Exercise details
Leaving out the pictures, return word for word the stretch of entries below from the line holding "未来,城市,山脉,湖泊,反射,天空,光线,建筑,高楼,夕阳" through the line holding "Hand Sanitizing Wipes".

----- Data section -----

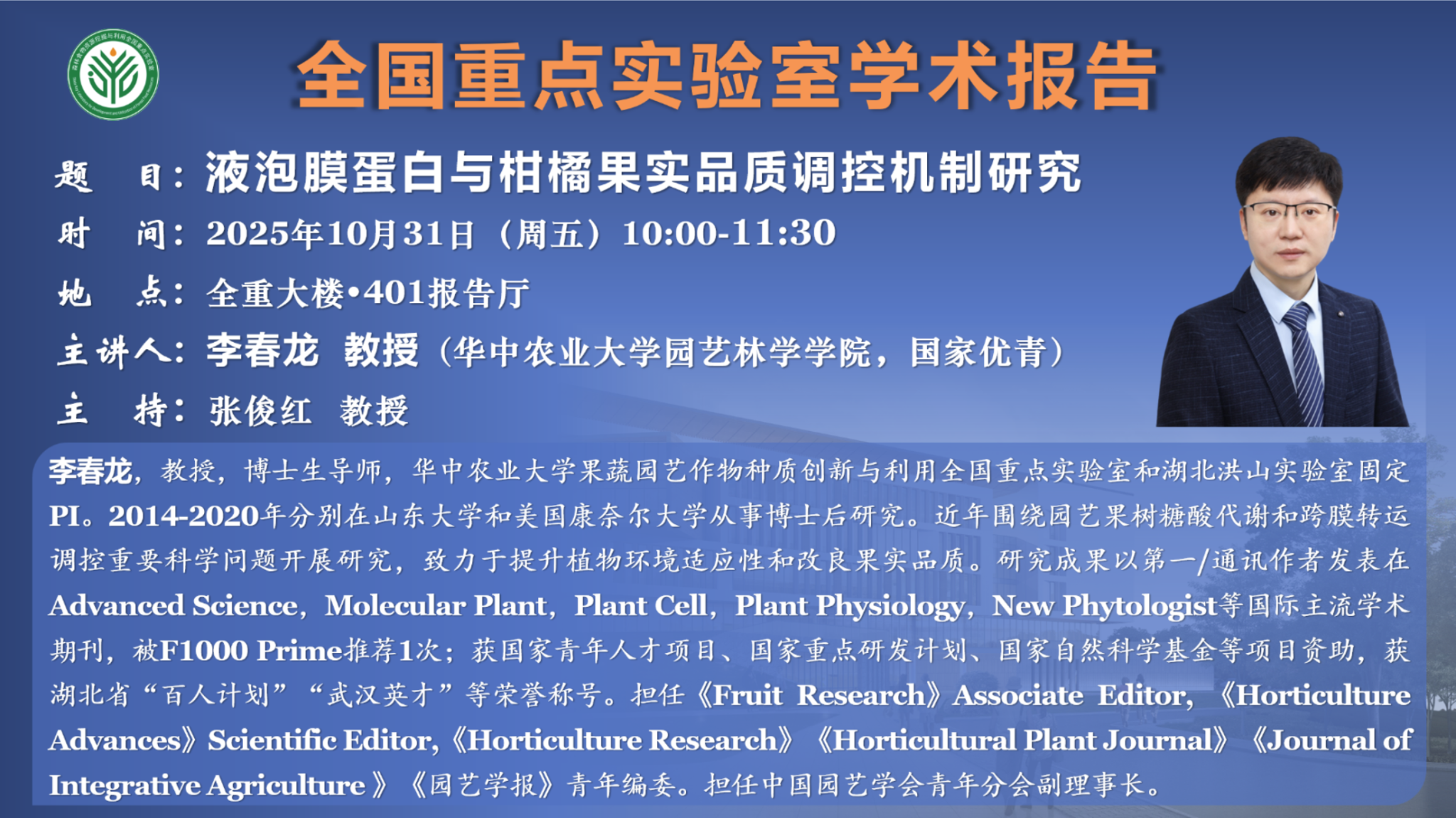 讲座预告:液泡膜蛋白与柑橘果实品质调控机制研究
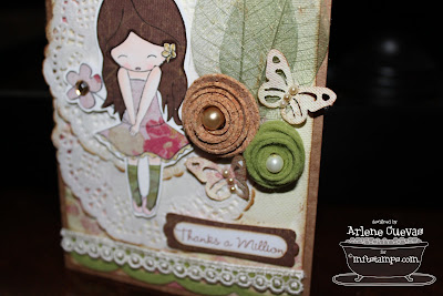 I created this card using the My Favorite Things "Just For You" Jolinne clear stamp. She is so adorable and pretty. I loved doing the paper piecing technique with this stamp, so much FUN and I love how it turned out. I also created rolled flowers using cork sheets and felt. So much fun to do and I love the way the cork sheet rolled flower turned out! :-)
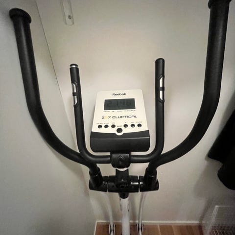 Masterfit Crosstrainer träningsmaskin i svart och grå färg. Utrustad med digital display för att visa träningsdata. Används för konditions- och styrketräning hemma.
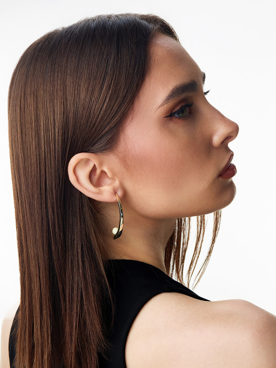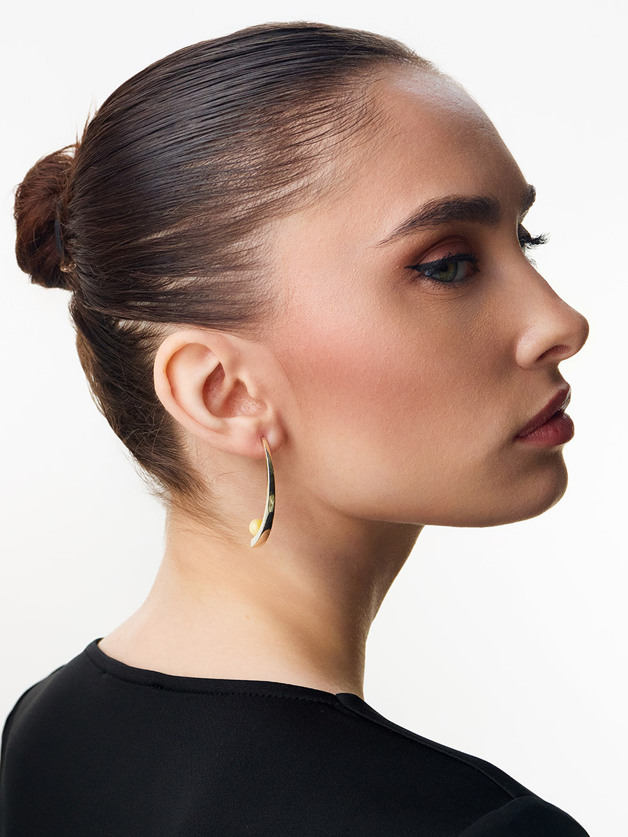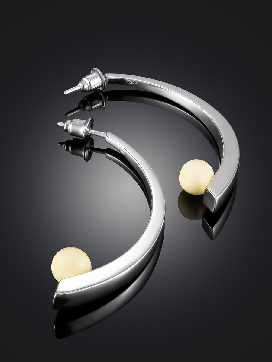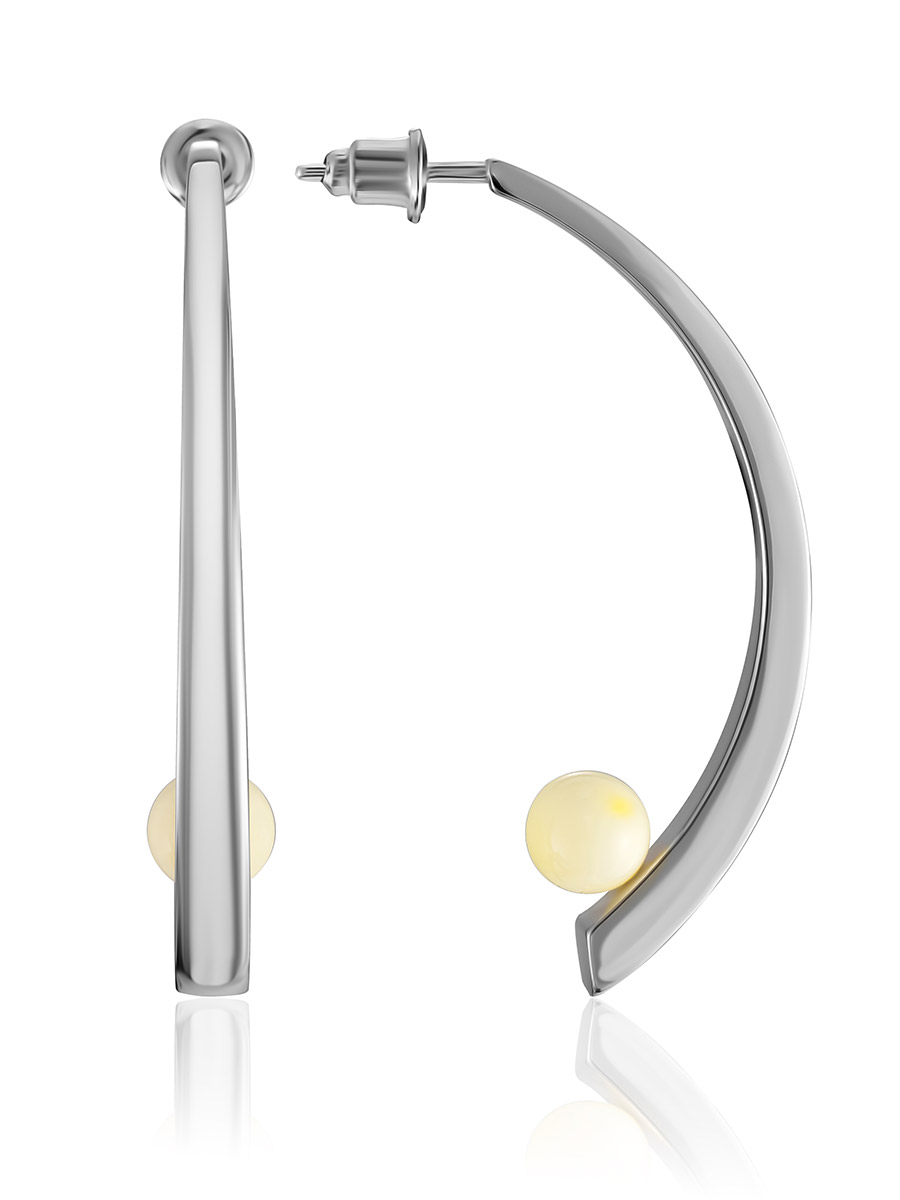 Стильные эффектные серьги-гвоздики «Лея» с янтарными вставками
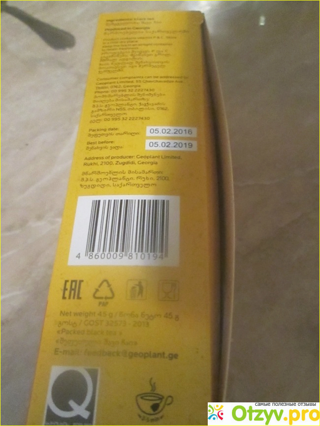 Пачка стоит 2,5 лари, то есть на лето 2016 - 70 рублей, из-за девальвации рубля он подорожал, у нас пакетированный чай можно купить цене от 20 до 100 рублей, в среднем столько же
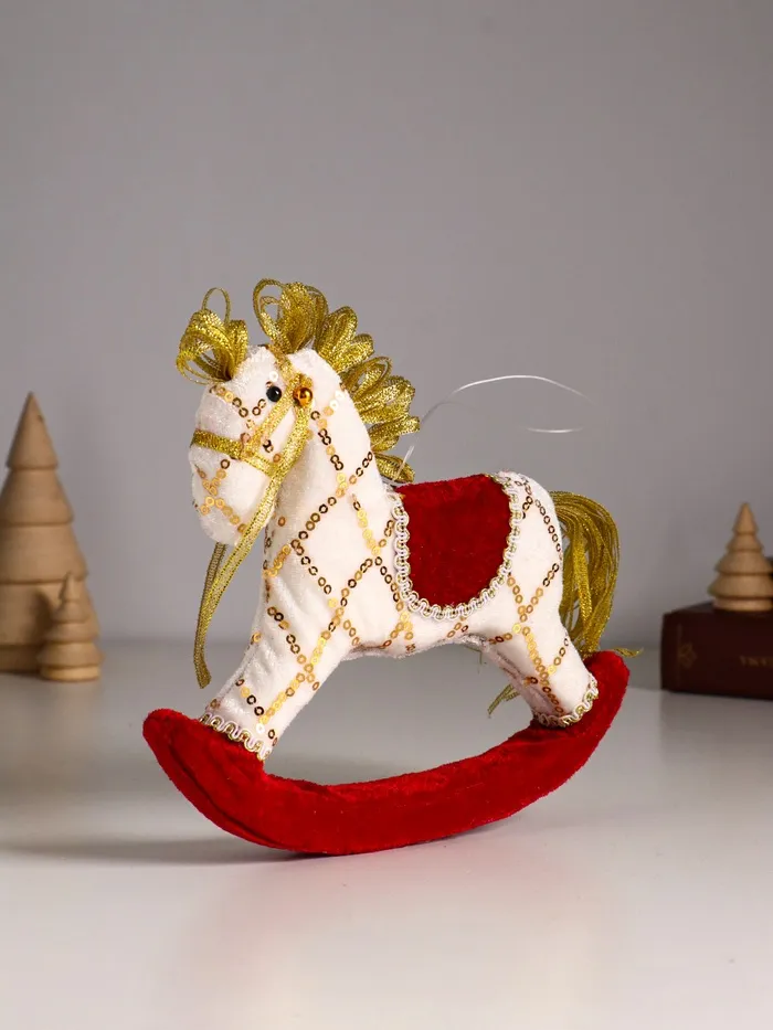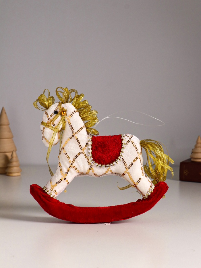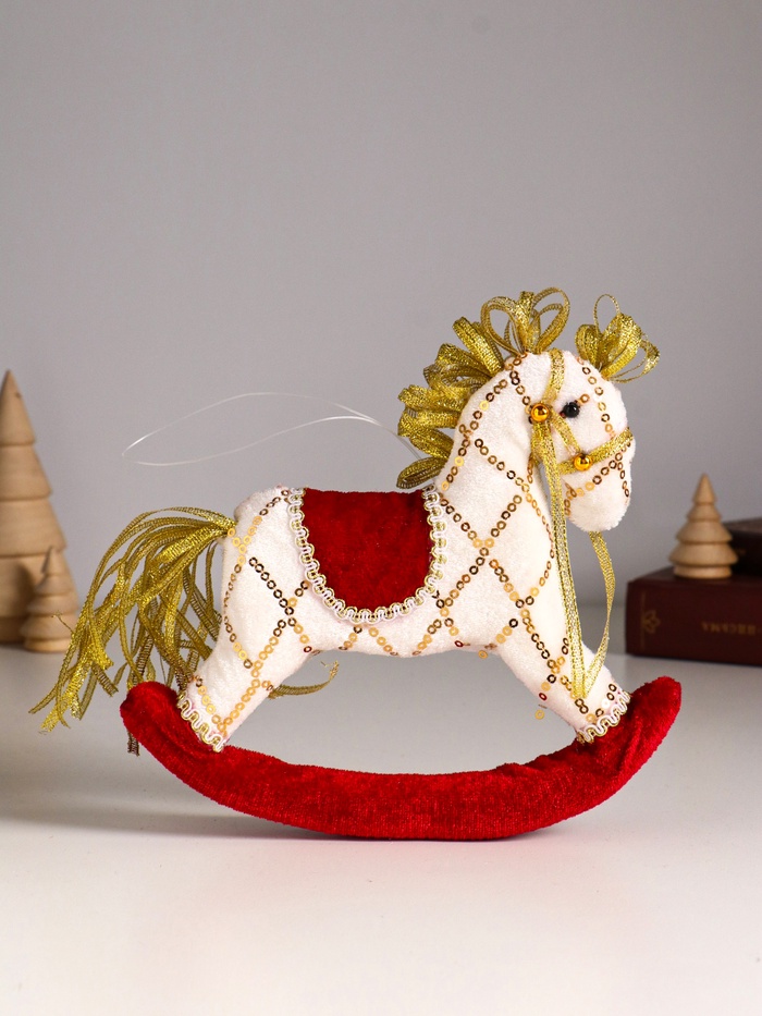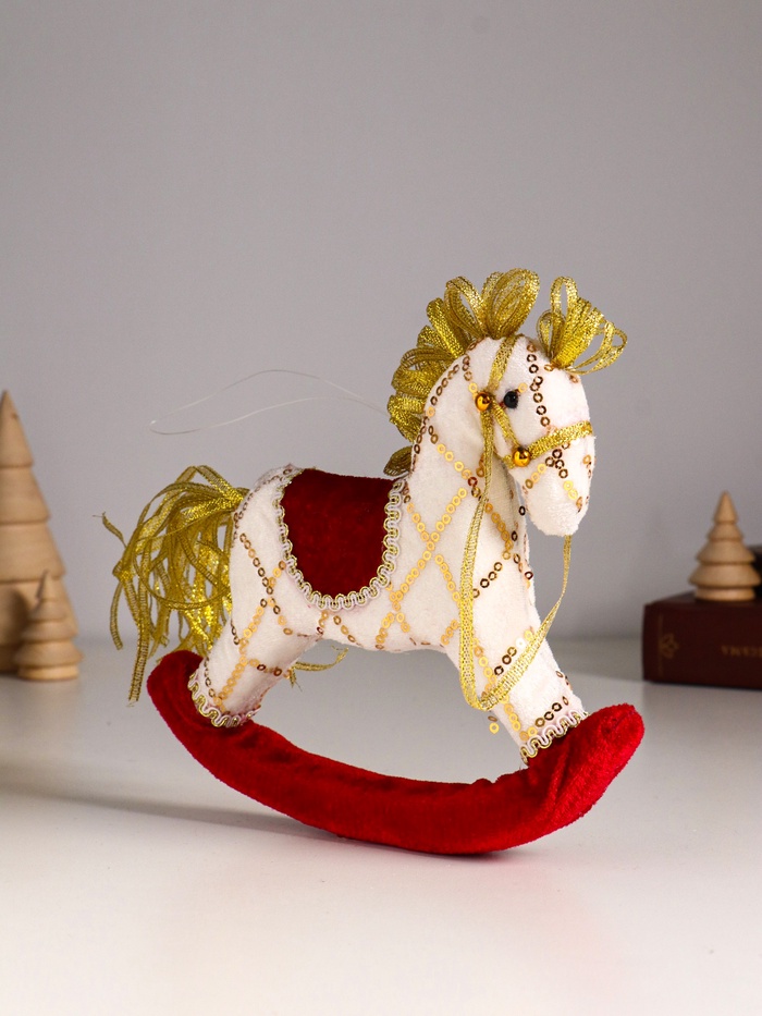 Эта изящная лошадка-качалка, выполненная из лёгкого пенопласта и текстиля, станет ярким акцентом в праздничном декоре и символом наступающего 2026 года. Высота 18 см и разноцветные пайетки придают фигурке живость и праздничное настроение, позволяя ей органично вписаться как в интерьер новогодних праздников, так и в композиции, посвящённые рождению ребёнка.
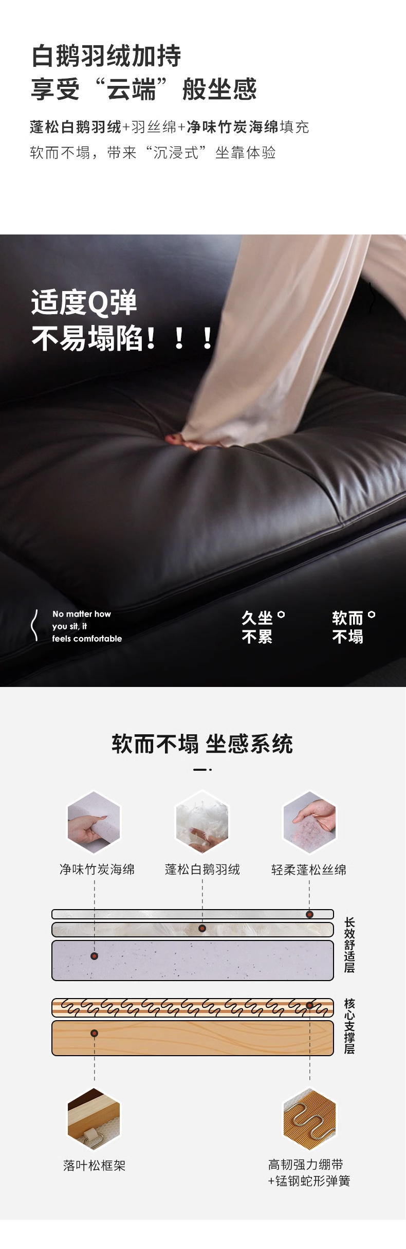 维利品尚 现代简约 接触面头层真皮+俄罗斯松木+实木脚 3+左贵妃 2.82米沙发
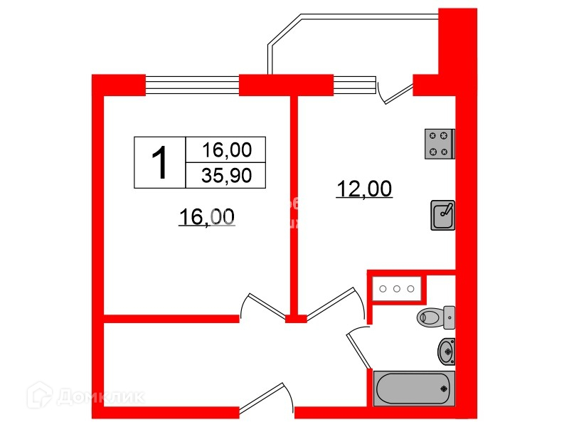 Общая площадь 35.9 м2
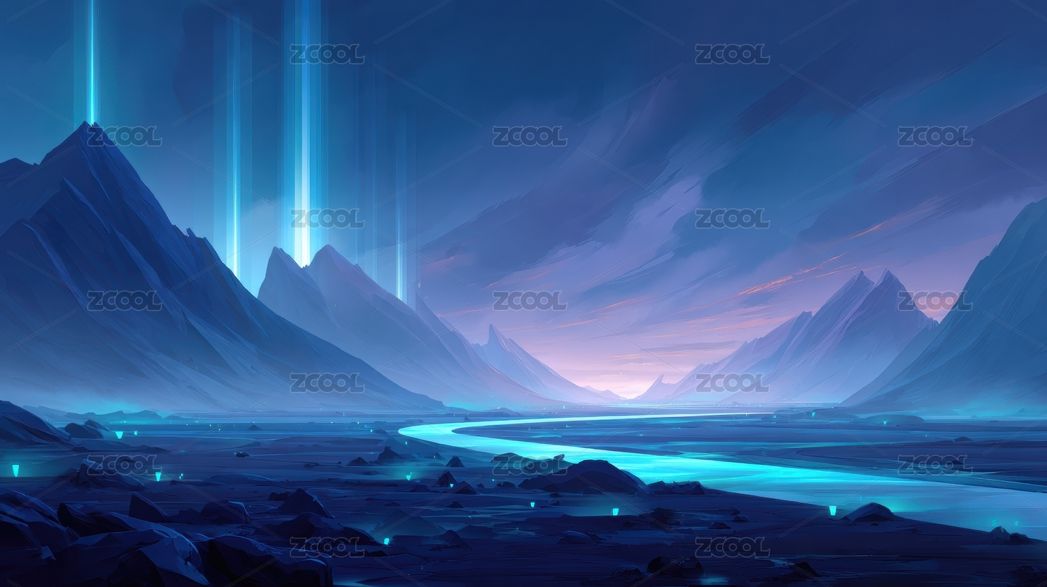 未来,城市,山脉,湖泊,反射,天空,光线,建筑,高楼,夕阳
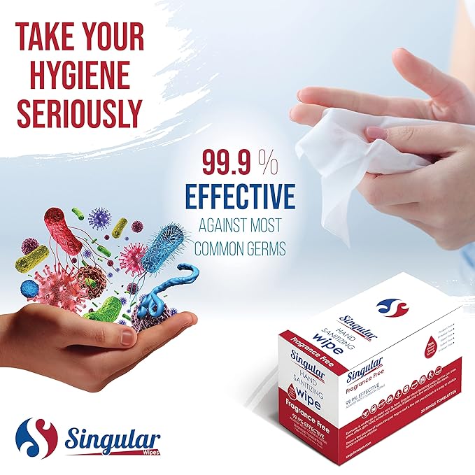 Hand Sanitizing Wipes Travel Size by Singular Wipes –30ct Individually Wrapped | Fragrance-Free, Moisturizing, 70% Isopropyl Alcohol Wipes | Travel, Home, Office, Daily Use | Made in USA
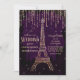 This elegant and modern wedding invitation is perfect for the stylish and trendy couple. It depicts a glamourous faux gold glitter Paris eiffel tower on violet purple and wine coloured watercolor scenery background with bright shiny glam stars and glimmering glitter strands . On the back is fancy popular glitter Paris eiffel tower on trendy purple watercolor with stars . It's minimal, contemporary , chic, artsy, and pretty!
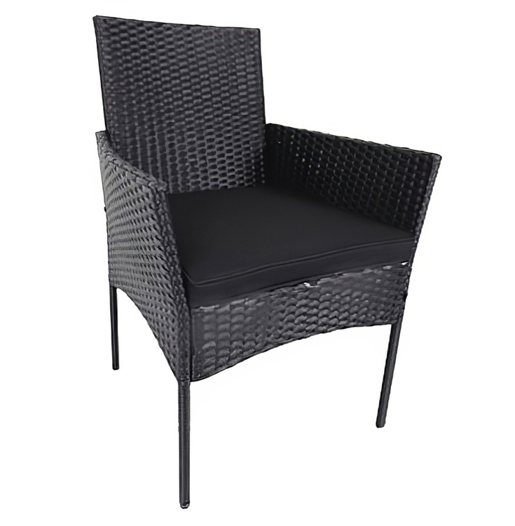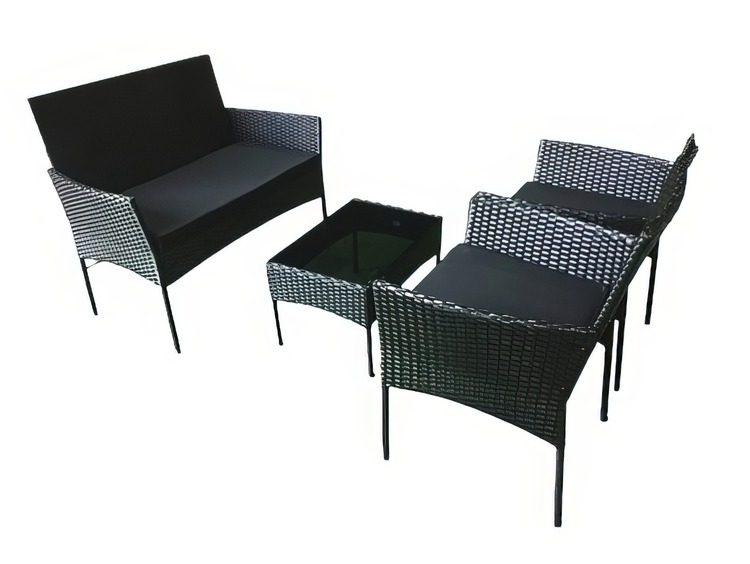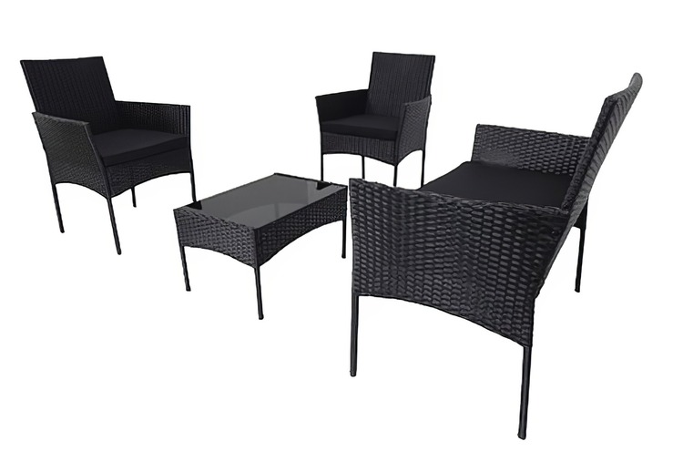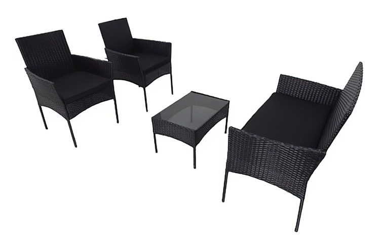Záhradná zostava 1 dvojsedáku, 2 kresiel a 1 stola z umelého ratanu. Vďaka voľbe materiálu sú kreslá ľahko umývateľné a údržba nie je nijako náročná. Dodávame vrátane sedákov vo farbe čiernej, výška 5 cm. Konštrukcia je kovová obalená kvalitným plastom pripomínajúcim ratan. Rozmer dvojsedáka je (Š x V x H cm) – 100 x 84 x 57 cm a rozmer kresla je (Š x V x H cm) – 57 x 84 x 57 cm. Výška sedu so sedákom je cca 46 cm. Konferenčný stolík s čiernym tvrdeným sklom s rozmermi (Š x V x H cm) 60 x 35 x 40 cm je súčasťou zostavy. Farebné prevedenie - čierna. Dodávame v demontovanom stave.CASA 95207

-----

Written reply
 未来,城市,山脉,湖泊,反射,天空,光线,建筑,高楼,夕阳
 Hand Sanitizing Wipes Travel Size by Singular Wipes –30ct Individually Wrapped | Fragrance-Free, Moisturizing, 70% Isopropyl Alcohol Wipes | Travel, Home, Office, Daily Use | Made in USA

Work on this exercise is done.